Wednesday, June 13, 2012

Soul Sister

Georgia, I'm with You.

Yesterday I was sleeping in to fight a cold coming on and the kids were behaving in front of the TV (home a week from school) when the phone rang at 8am from Georgia. It was my soul sister on the other line calling to tell me that her husband has cancer and that it is an aggressive kind. This day took on a whole new up-side-down twist. I had encouraged these two to date 14 years ago and they quickly became an item and were married within a year. I have loved that this man makes laughter in my friend's life.

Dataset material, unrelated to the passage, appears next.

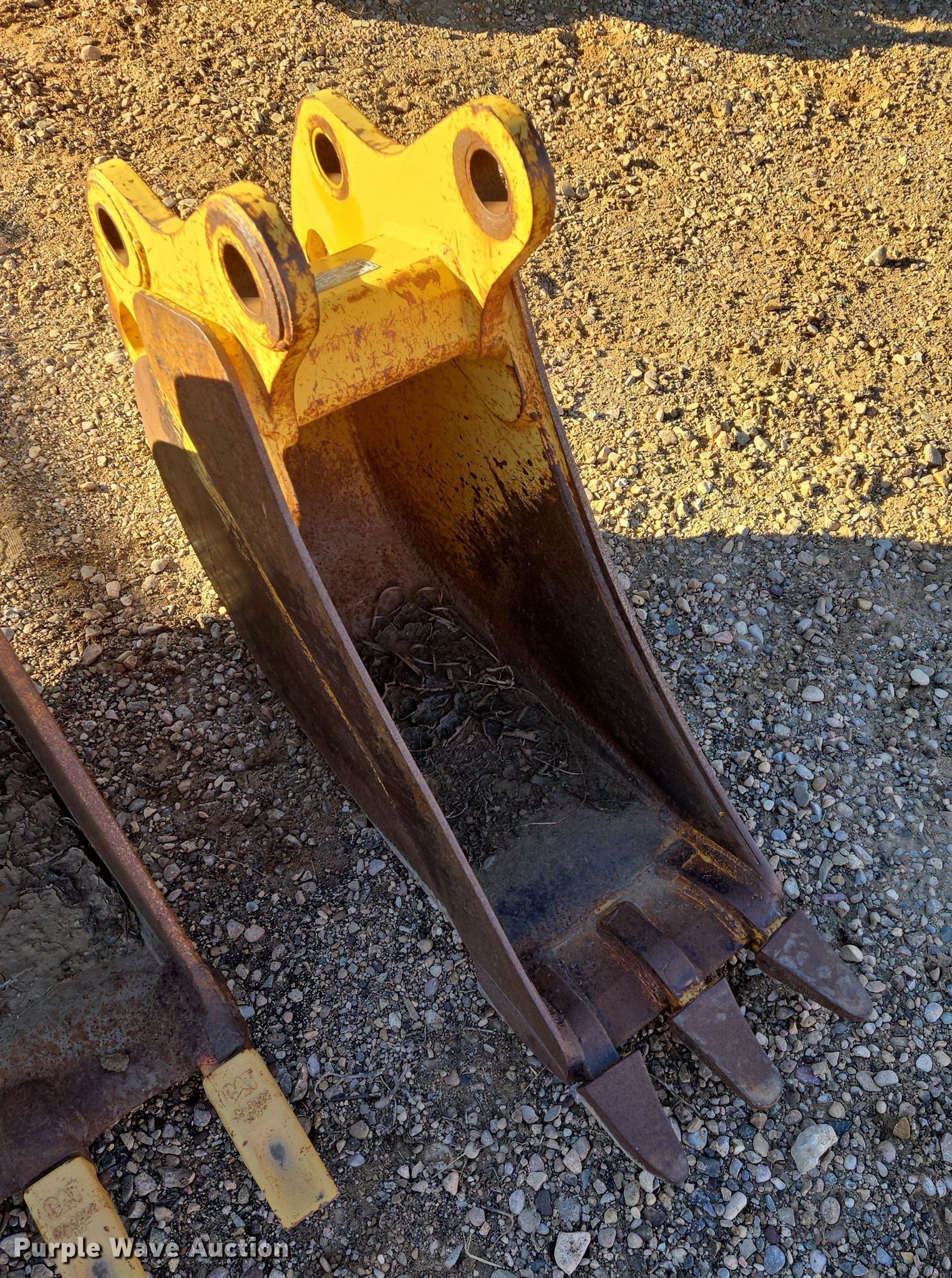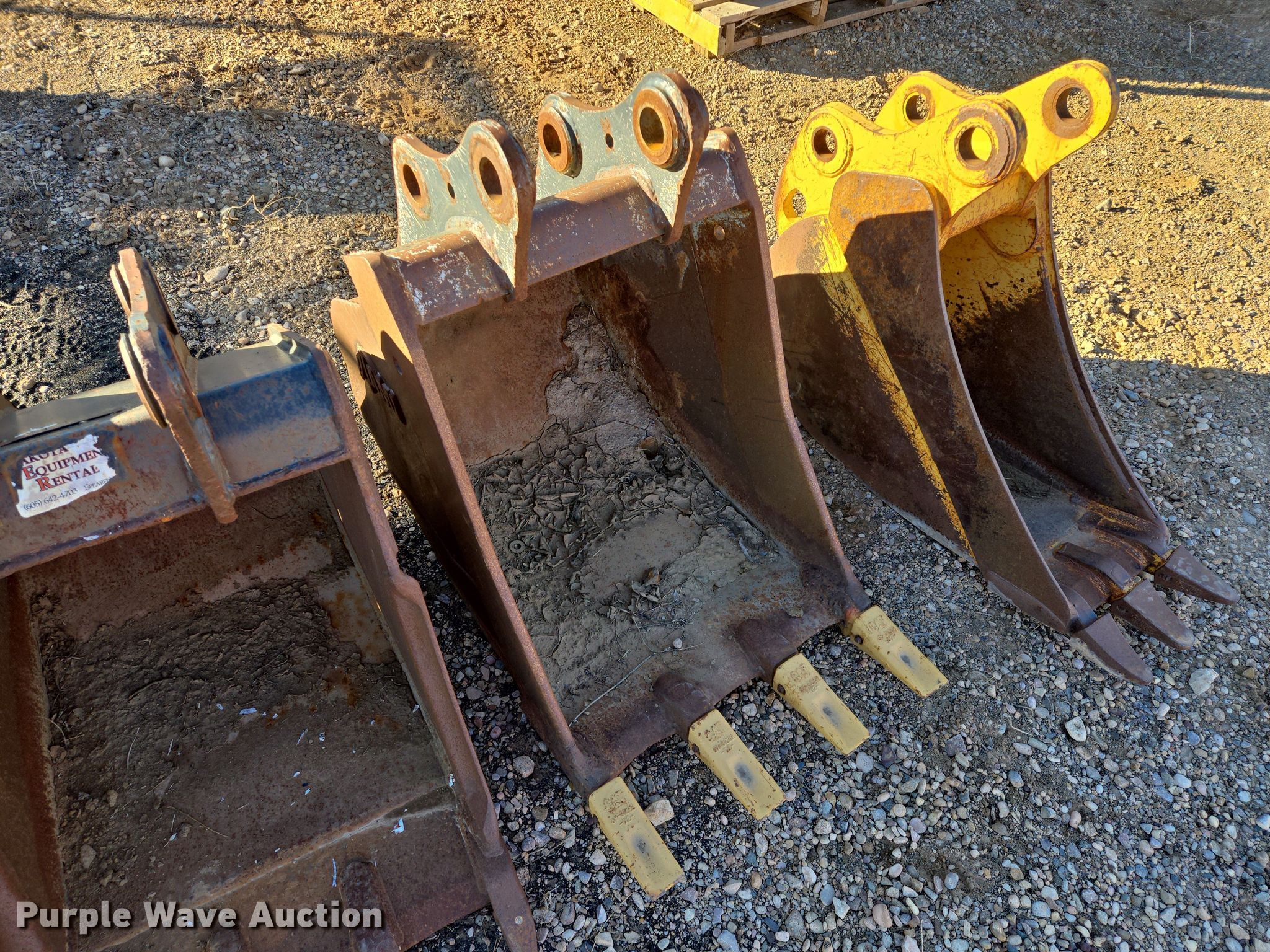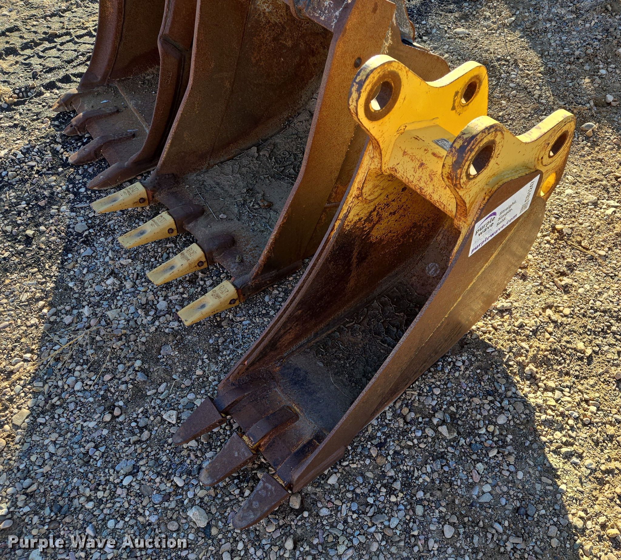 Purple Wave is selling a used Excavator Attach. in South Dakota. This item is a (3) excavator buckets with the following: John Deere bucket, Serial: 1934479, Teeth: 3, Width: 12", Ami bucket, Teeth: 4, Width: 24", Bobcat Bucket, Serial: 7322123, Teeth: 2, Width: 24"

It was actually an accident that they found the cancer, but found at his wife's insistence that his stomach pains were not just an upset stomach or something to be taken lightly. By demanding action and going through a few doctors an ultrasound showed much more. It's completely OUTRAGEOUS and unexceptable if you ask me—to have to fight for proper health care and attention where serious pain is involved. It's the same thing I tell my kids. "If there is a problem, tell somebody. If they are not listening or doing anything, tell somebody else until somebody does something." I just didn't realize that this applies to going to the doctor as well.

I spent the entire day in an awkward sadness, wondering what I could do. I felt useless—thinking of how terrifying this is for them and their family to not have answers and to deal with this potential loss. I needed that 5 miler like nobody's business. When I finally got it in later that evening, I was tired, worn, feeling bla, depressed and my right hip had been aching for a week, but I ran it. I ran it like the pain could just take the edge off of their pain. I wished it would work that way—that I could endure the 26.2 as a trade. I ran with my legs of lead since this is nothing compared to what they are going thru and what distance is ahead for them. I ran choking back tears just trying to breath. I ran praying for 5 miles and giving thanks for each breath and the lives I have met and love. By the time I returned, a little of my edge was scrapped off on the road and the tears could be mistaken for glistening sweat. I had a good limp, but I still felt useless for Georgia.